CPU を占有せずに音を出すには、波形生成をハードウェアに任せる:

  • PWM (LEDC): 周波数とデューティ比をレジスタに設定すると、ハードが自動で矩形波を出し続ける。CPU は他の処理(ゲーム)を進められる=非ブロッキング
  • ハードウェアタイマ割り込み: タイマが一定周期で割り込みを発生 → ISR(割り込みハンドラ)で GPIO をトグル。メインループはゲームを進め、音はタイマが鳴らす。
  • RMT / I2S: 任意波形・音声データをハードが送出。

3. なぜ TinyGo × この ESP32 では難しいか

PWM・割り込み・タイマが machine に無い

M5StickC Plus2 は ESP32-PICO-V3-02(Xtensa 系 ESP32)。TinyGo の machine パッケージ(machine_esp32.go)には、この系列向けの PWM・GPIO 割り込み(Pin.SetInterrupt)・ハードウェアタイマの関数が無い。つまり「ハードに波形生成を任せる」標準的な手段がそのままでは使えない

  • PWM(LEDC) のドライバは machine_esp32xx_pwm.go にあるが、ビルドタグは esp32c3 || esp32s3 限定(= Xtensa の無印 ESP32 は対象外)。
  • 自前で LEDC レジスタやタイマ割り込みを叩く道は理論上あるが、machine の抽象の外で SVD レジスタ・割り込みベクタを直接扱う必要があり、難易度・リスクが高い。

goroutine で並行にしても波形が崩れる

「別 goroutine でトグルし続ければ並行に鳴らせるのでは?」と考えがちだが、TinyGo の goroutine は協調的スケジューラで動く(time.Sleep などで CPU を譲る)。ソフトトグルは µs オーダーの精密なタイミングが要るのに、トグルの合間にスケジューラがゲーム処理へ切り替わると、High/Low の間隔がずれて音程が狂い、音質も劣化する。割り込みのようなプリエンプション(強制中断)ではないため、安定した波形を別タスクと並行に出すのは困難。

4. 今のハード(M5StickC Plus2)で、他の技術スタックなら?

可能。同じ ESP32 でも、ESP-IDF / Arduino(ESP32) では:

  • LEDC(PWM): ledcWriteTone() 等で指定周波数の音をハードが鳴らし続ける(CPU 非占有)。
  • RMT: 任意波形をハードが送出(元は赤外線リモコン用だがトーン生成にも使える)。
  • I2S: 音声データのストリーム再生。
  • M5 公式の M5Unified の Speaker もこれらを利用している。

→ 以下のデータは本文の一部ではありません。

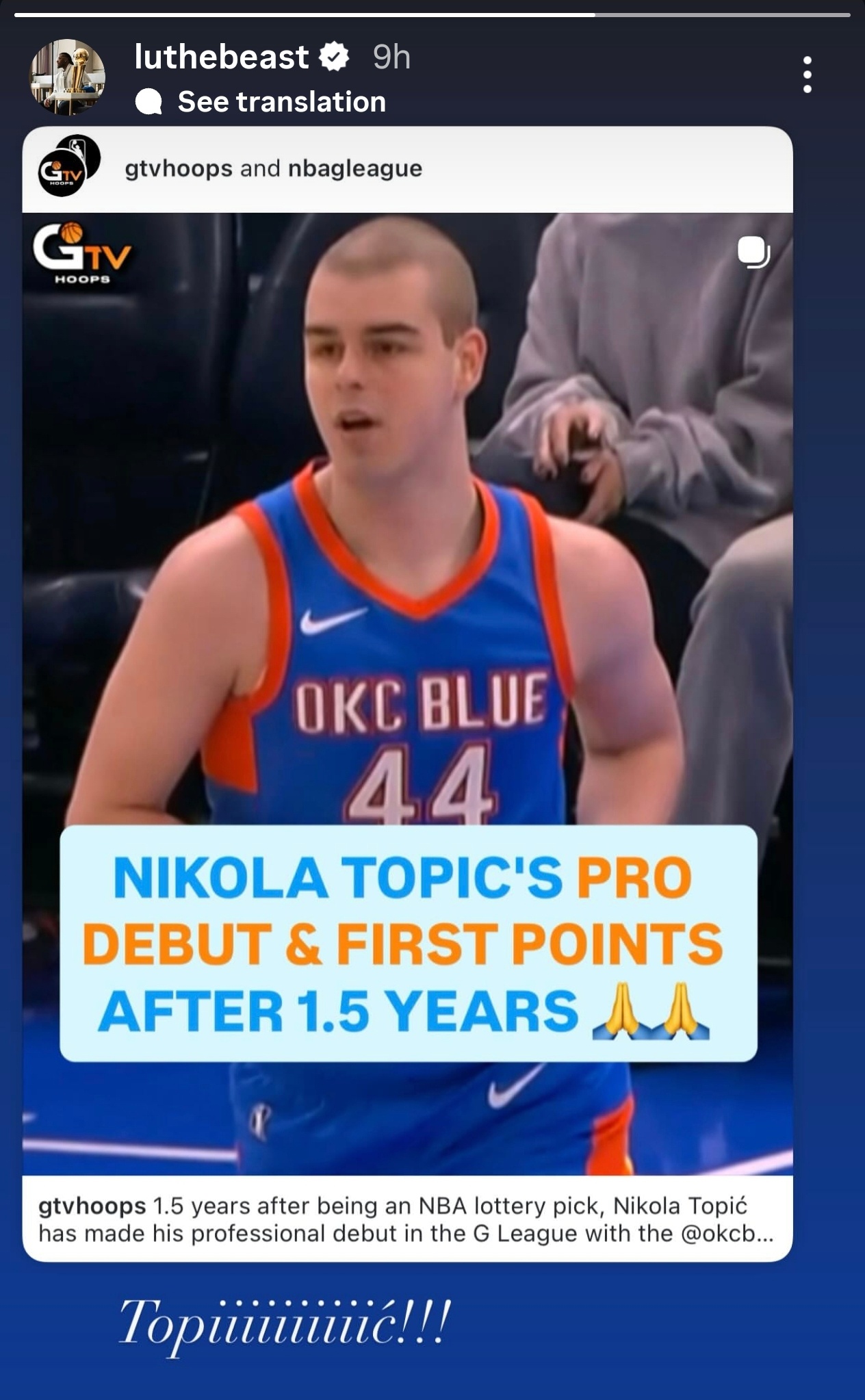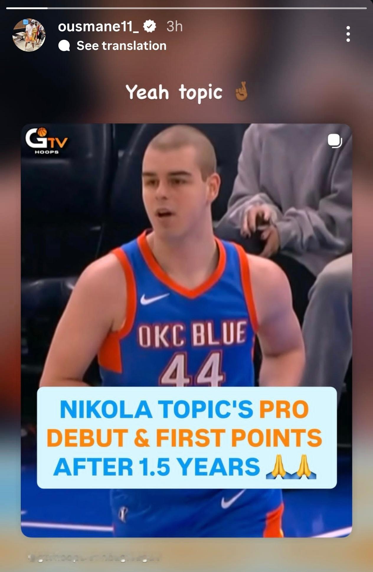 吉昂也转发了托皮奇复出的帖子🥺雷霆战胜湖人雷霆vs湖人雷霆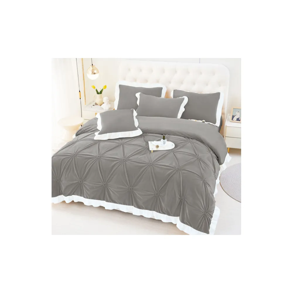 Lenjerie de Pat, 4 Piese din Catifea, cu Volanase, pentru Pat dublu, Gri - FR155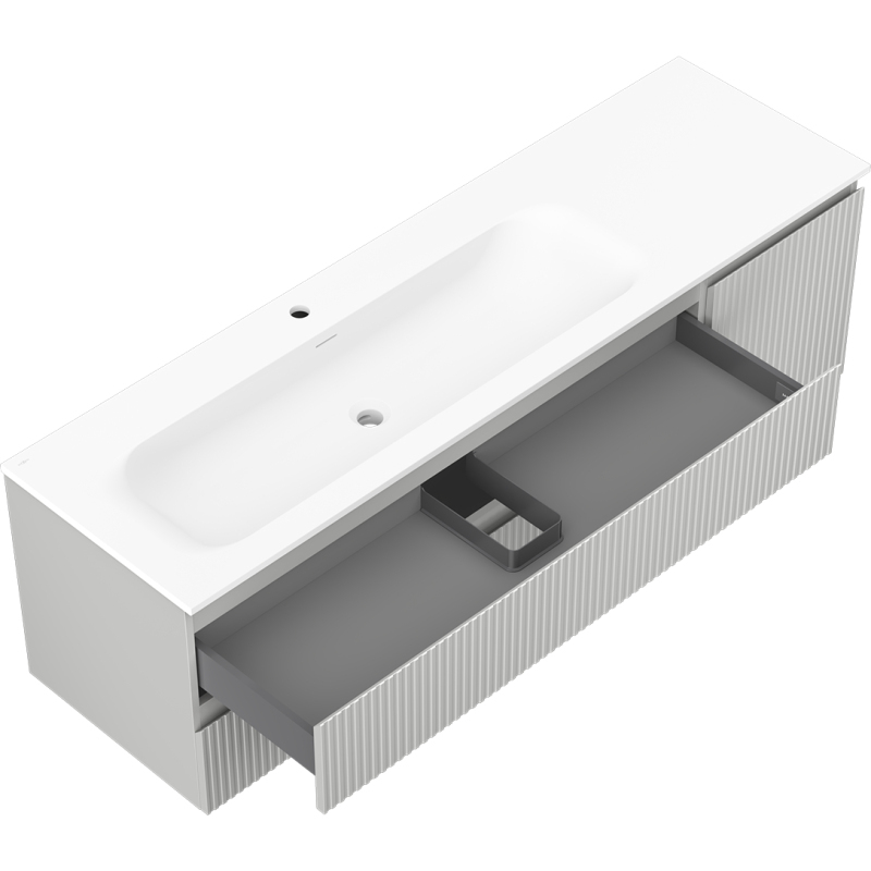 Mexen Rivel kúpeľňová skrinka 160 cm s umývadlom Vela ľavým, 2S, 1D, drážkovaná, matná šedá/matná biela - 91A23-16047-3-BBFFF62-W23L01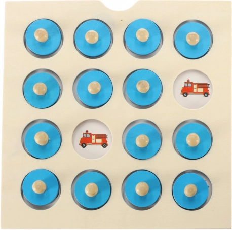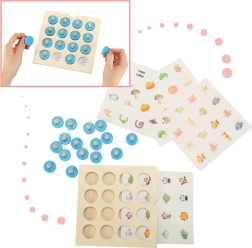 Lesena spominska igra je odlična izbira za združitev zabave in učenja. Igra ima preprosta pravila, ki so razumljiva tudi najmlajšim. Dovolj je izbrati karto, si zapomniti položaj različnih oblik in jih pokriti z modrimi pokrovčki. Nato odkrivajte po dve in iščite ujemajoče se pare!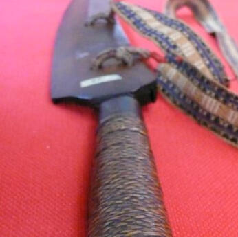 The "Headhunter" is a Indigenous Curved Sword of Seediq(Indigenous Taiwanese People) origin that was once owned by a known Seediq Savage Tribesman, whose name is unknown. The Seediq Savage who use this Curved Sword is known for decapitating the heads of his enemies, earning him the moniker "Headhunter".During the Musha Incident of 1930(A.K.A. "The Wushe Rebellion"), the Tribesman manage to kill about 34 Colonial Japanese Soldiers, but this unnamed Tribesman met his end after 6 Colonial Japanese Soldiers shoot him down with about 7 bullets after trying to let his fellow tribesmen cross the bridge. His body eventually falls off the bridge and through the river waters of the forest. The Tribesman's spirit was suppose to cross the rainbow bridge to meet with his ancestors' souls to receive eternal life as a "Seediq Bale(Real Seediq)", but unfortunately his spirit was trapped in this very curved sword since.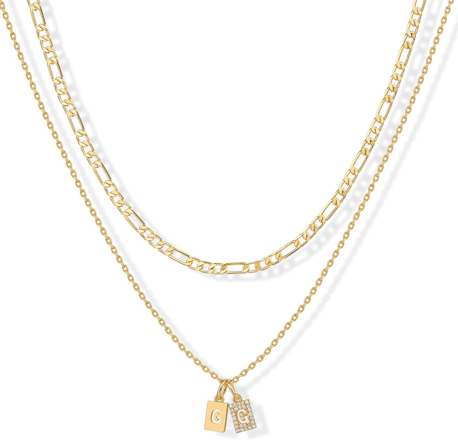 PAVOI 14K Gold Plated Initial Letter Double Dog Tag Pendant Necklace | Dainty Cubic Zirconia Letter Tag Round Box Chain Necklaces for Women(- G)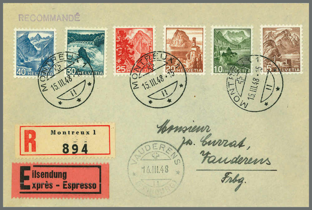 | Zusatzinformationen und Suchstichworte: | Rapp Auktion 2022 Auktionstermin: 2. - 7. Mai 2022 Los 371 Schweiz Freimarken nach 1907 Landschaften 1948: Der kpl. Satz auf schönem und sauberem Ersttags-Brief von Montreux nach Vauderens. Attest BP. Zuschlag 180,00 CHF |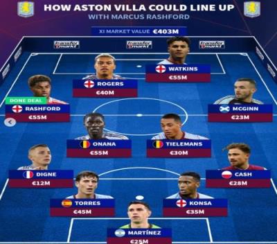 体育资讯2月3日报道宣称 体育资讯2月3日报道宣称 曼联边锋拉什福德已经官宣外租维拉,《转会市场》也预测了维拉的潜在主力阵容。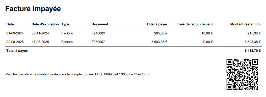 Dans l’aperçu PDF, un code QR est également inclus par défaut pour permettre le paiement du montant non payé. Exemple :&#x20;

つまり制約は「TinyGo の machine がこのチップでハード機能を公開していない」ことに由来し、ハード自体は非ブロッキング再生の能力を持つ。

5. 他のハードウェアなら、TinyGo でも?

可能。TinyGo の machine.PWM 対応ターゲットなら、周波数を設定してデューティ50%にするだけでハードが鳴らし続ける=非ブロッキング:

  • RP2040 / Raspberry Pi Pico: machine の PWM を備える(PWM チュートリアル)。
  • ESP32-C3 / S3(RISC-V 系): machine_esp32xx_pwm.go(LEDC)で PWM 対応。

まとめ

環境非ブロッキング音声手段
TinyGo × ESP32 Xtensa(本機)✗(標準手段なし)machine に PWM/割込/タイマ無し。自前レジスタ操作は高難度
TinyGo × ESP32-C3/S3machine PWM(LEDC)
TinyGo × RP2040/Picomachine PWM
ESP-IDF / Arduino × ESP32(本機)LEDC ledcWriteTone / RMT / I2S

結論: 本機(TinyGo × Xtensa ESP32)では、現状ブロッキング+(再生中もミュート可)という割り切りが妥当。背景 BGM を本格対応するなら、(a) machine の外で LEDC/タイマ割り込みを自前実装する、(b) PWM 対応ハード(Pico / ESP32-C3/S3)に広げる、のいずれかになる。本リポジトリは将来 他マイコン対応 を見据えているため、(b) の選択肢が現実的。